Biochemical lesions in copper-deficient rats caused by secondary iron deficiency. Derangement of protein synthesis and impairment of energy metabolism

Abstract

Severe Cu deficiency was induced in rats by rearing nursing dams and their offsprings on a semisynthetic diet comprising all the requisite nutrients and trace metals except Cu. The Cu-deprived rats exhibited growth retardation, severe anemia, loss of ceruloplasmin, decrease of cytochrome oxidase, accumulation of salt-soluble collagen and a drastic decrease in Fe in plasma and liver. Apart from these characteristic signs of deficiency, a marked inhibition of protein synthesis occurred in vivo and in cell free liver preparations. The curtailed ability to carry out endogenously coded amino acid incorporation into protein contrasted with the unimpaired poly(U)-acid-directed phenylalanine polymerization.
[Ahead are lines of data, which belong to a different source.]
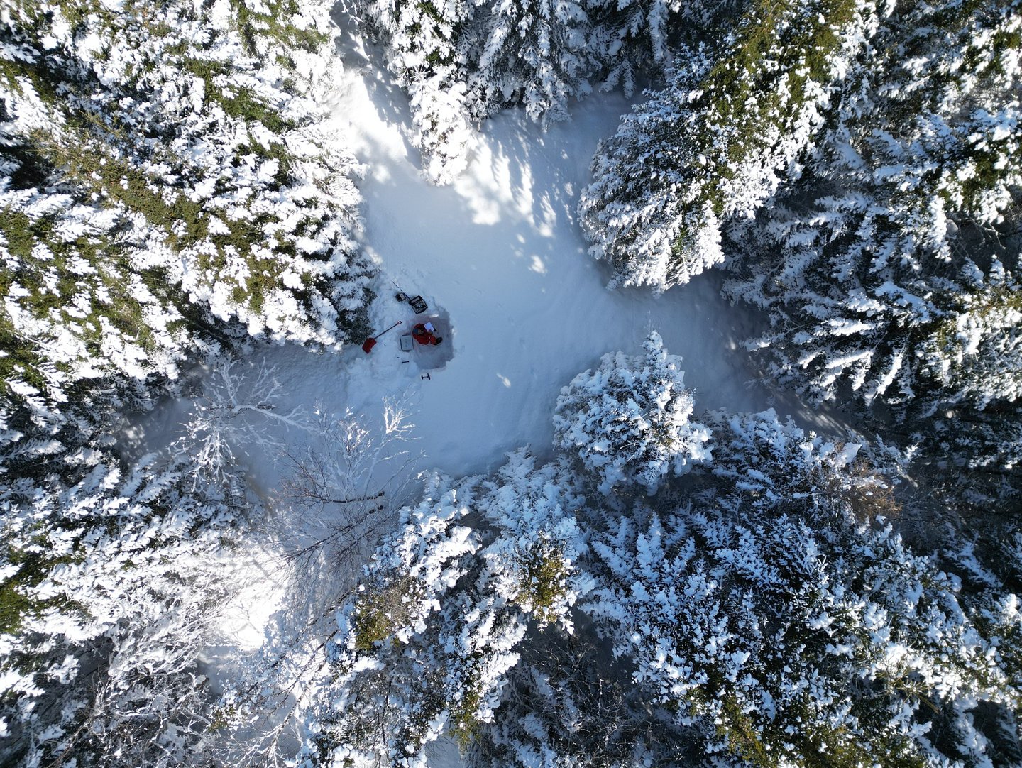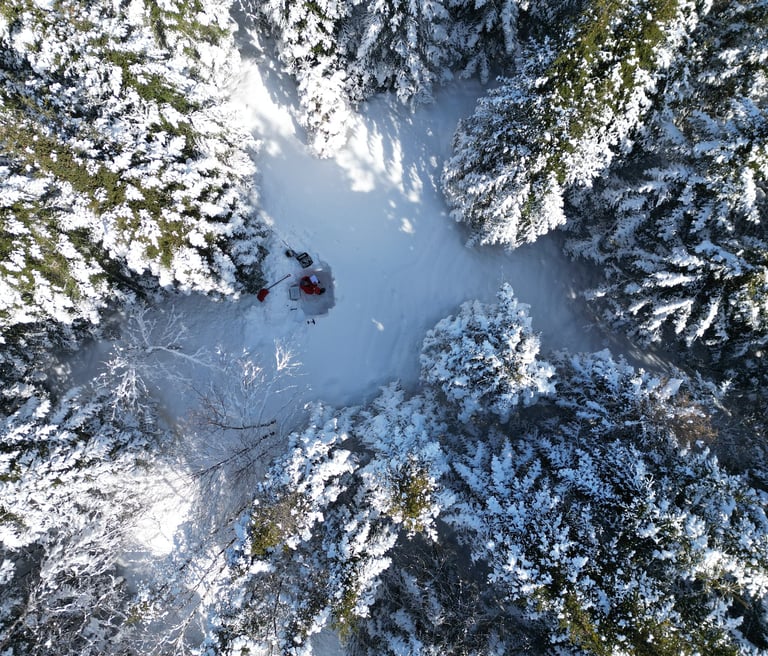Dmitry Pershin au sein d'un puits de neige à la Forêt Montmorency - Hiver 2024 (crédit photo : Pierre-Erik Isabelle et Emmanuelle Barrette)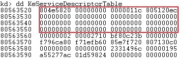 系统服务表(System Service Table,SST),共有两张,第一张表后紧接第二张表,表里的函数都是来自内核文件导出的函数。但它并不包含内核文件导出的所有函数,而仅是3环最常用的内核函数。系统服务表位于 _KTHREAD +00xE0 处,其本质是一个个结构体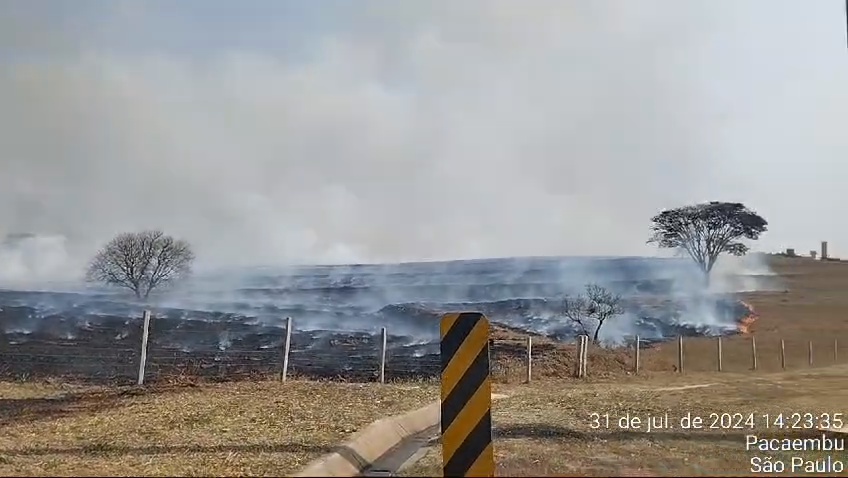 Ainda segundo a corporação, o fogo danificou totalmente a carga de feno, parte do veículo, com placas de Irapuru, e a área de pastagem, até ser controlado.

This inhibition pattern and the attendant disaggregation of the liver polyribosomes, suggested that the primary biosynthetic lesion was located at the stage of peptide-chain initiation. There was a pronounced depletion of the hepatic ATP content associated with a parallel depression of mitochondrial respiration and an enhancement of ATPase activity. Supplementation of the Cu-deficient diet with a 2- to 4-fold excess of Fe (relative to the standard diet) prevented growth retardation and anemia and restored normal energy metabolism and unimpaired protein-synthesizing capacity. These disturbances were primarily determined by the secondary Fe deficiency; similar alterations occurred in rats maintained on a Cu-sufficient but Fe deficient diet. The Fe-fortified diet failed to reverse the other signs of Cu deficiency, i.e., the loss of ceruloplasmin, the diminished rate of cytochrome oxidase and the increase of soluble collagen. The interrelations between the various biochemical lesions induced by deprivation of Cu or Fe are discussed and the possible role of ATP depletion in determining the derangement of protein synthesis is considered.